EXERCISE DETAILS
Return all entries word for word, but drop any images.

*** Block opens ***

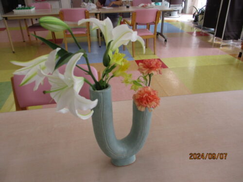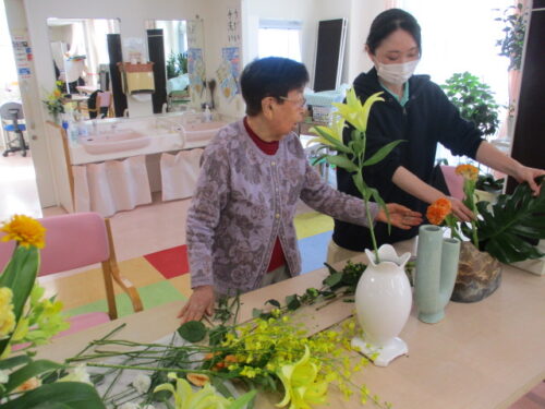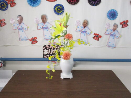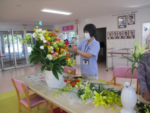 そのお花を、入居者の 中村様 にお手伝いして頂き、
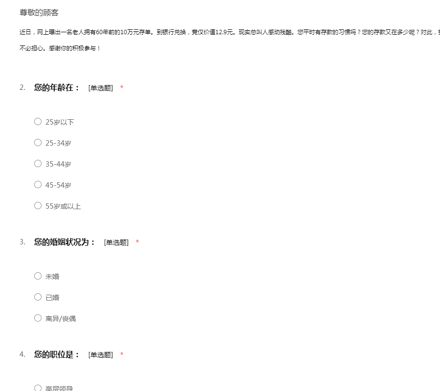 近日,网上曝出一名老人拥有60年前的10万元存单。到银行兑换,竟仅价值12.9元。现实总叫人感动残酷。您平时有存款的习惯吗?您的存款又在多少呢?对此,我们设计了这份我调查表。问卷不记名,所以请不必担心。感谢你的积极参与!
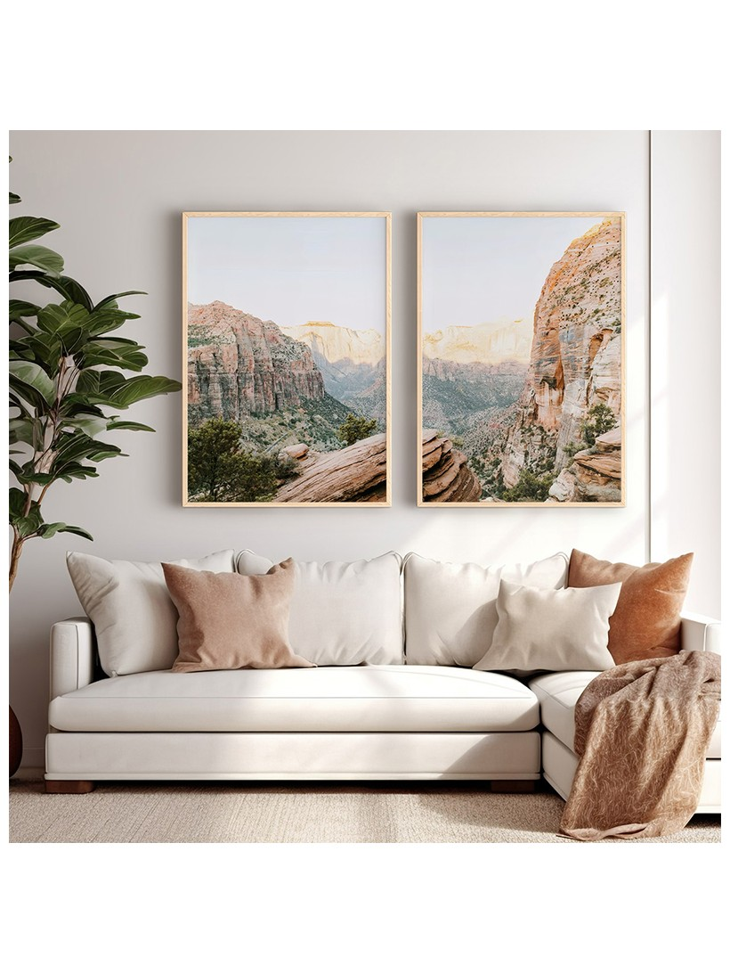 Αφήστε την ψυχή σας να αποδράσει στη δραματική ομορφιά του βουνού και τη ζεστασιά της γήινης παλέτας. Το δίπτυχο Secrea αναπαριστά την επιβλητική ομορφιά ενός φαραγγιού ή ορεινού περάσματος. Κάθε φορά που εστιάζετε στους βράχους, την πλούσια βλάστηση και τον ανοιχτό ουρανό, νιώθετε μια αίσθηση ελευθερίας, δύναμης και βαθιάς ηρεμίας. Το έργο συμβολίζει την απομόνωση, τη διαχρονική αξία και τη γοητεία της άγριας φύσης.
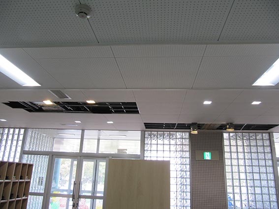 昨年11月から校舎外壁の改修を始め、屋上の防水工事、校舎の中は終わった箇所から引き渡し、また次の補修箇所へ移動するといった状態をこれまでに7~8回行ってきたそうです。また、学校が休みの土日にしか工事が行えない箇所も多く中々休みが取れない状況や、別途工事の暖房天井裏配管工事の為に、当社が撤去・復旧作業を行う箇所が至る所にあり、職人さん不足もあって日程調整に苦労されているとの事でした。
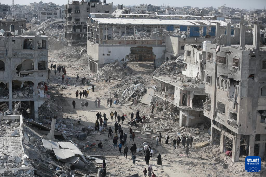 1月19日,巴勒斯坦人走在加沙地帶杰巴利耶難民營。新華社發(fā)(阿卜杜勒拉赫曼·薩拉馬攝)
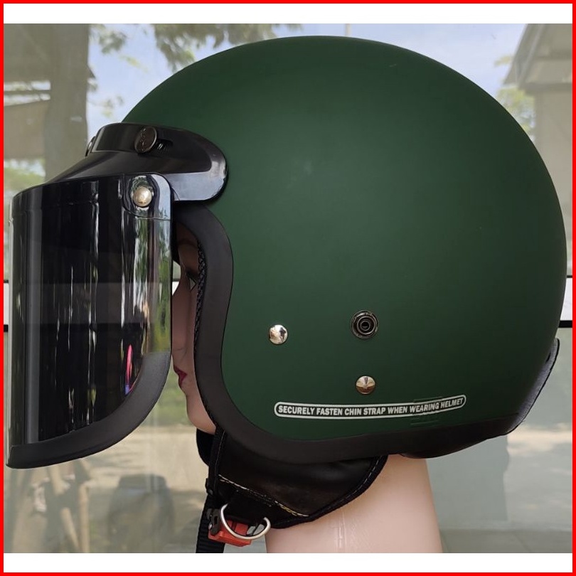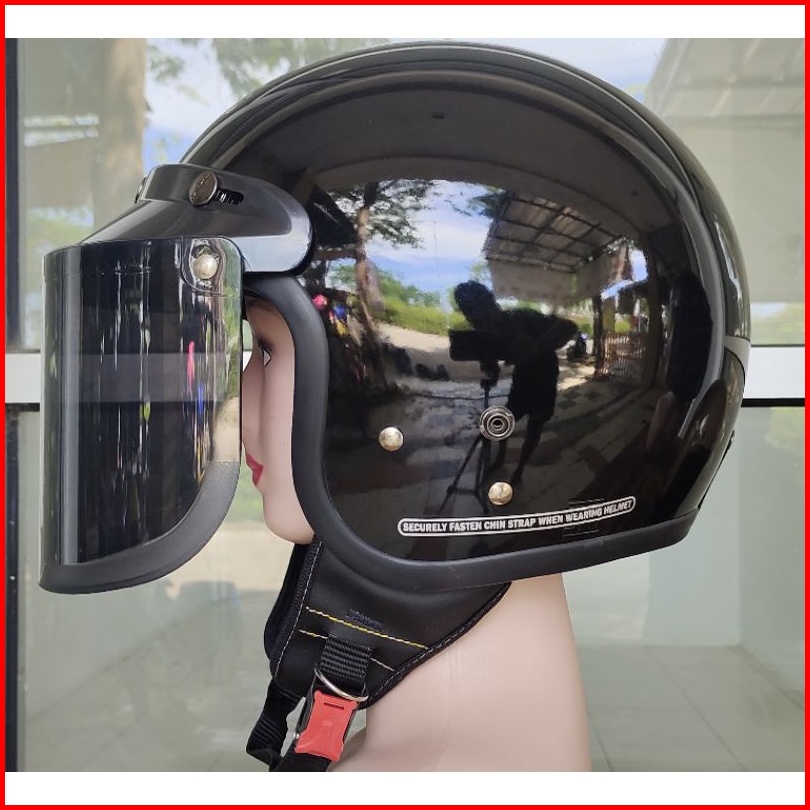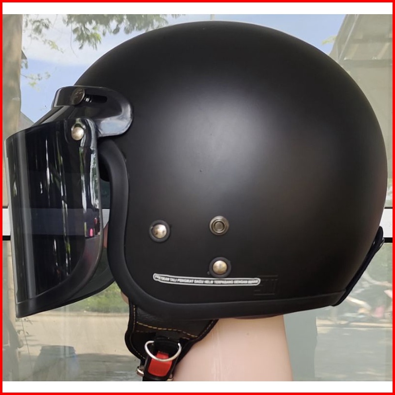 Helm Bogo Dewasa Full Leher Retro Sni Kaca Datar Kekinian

*** Block closes ***

ANSWER TO THIS EXERCISE
 そのお花を、入居者の 中村様 にお手伝いして頂き、
 近日,网上曝出一名老人拥有60年前的10万元存单。到银行兑换,竟仅价值12.9元。现实总叫人感动残酷。您平时有存款的习惯吗?您的存款又在多少呢?对此,我们设计了这份我调查表。问卷不记名,所以请不必担心。感谢你的积极参与!
 Αφήστε την ψυχή σας να αποδράσει στη δραματική ομορφιά του βουνού και τη ζεστασιά της γήινης παλέτας. Το δίπτυχο Secrea αναπαριστά την επιβλητική ομορφιά ενός φαραγγιού ή ορεινού περάσματος. Κάθε φορά που εστιάζετε στους βράχους, την πλούσια βλάστηση και τον ανοιχτό ουρανό, νιώθετε μια αίσθηση ελευθερίας, δύναμης και βαθιάς ηρεμίας. Το έργο συμβολίζει την απομόνωση, τη διαχρονική αξία και τη γοητεία της άγριας φύσης.
 昨年11月から校舎外壁の改修を始め、屋上の防水工事、校舎の中は終わった箇所から引き渡し、また次の補修箇所へ移動するといった状態をこれまでに7~8回行ってきたそうです。また、学校が休みの土日にしか工事が行えない箇所も多く中々休みが取れない状況や、別途工事の暖房天井裏配管工事の為に、当社が撤去・復旧作業を行う箇所が至る所にあり、職人さん不足もあって日程調整に苦労されているとの事でした。
 1月19日,巴勒斯坦人走在加沙地帶杰巴利耶難民營。新華社發(fā)(阿卜杜勒拉赫曼·薩拉馬攝)
 Helm Bogo Dewasa Full Leher Retro Sni Kaca Datar Kekinian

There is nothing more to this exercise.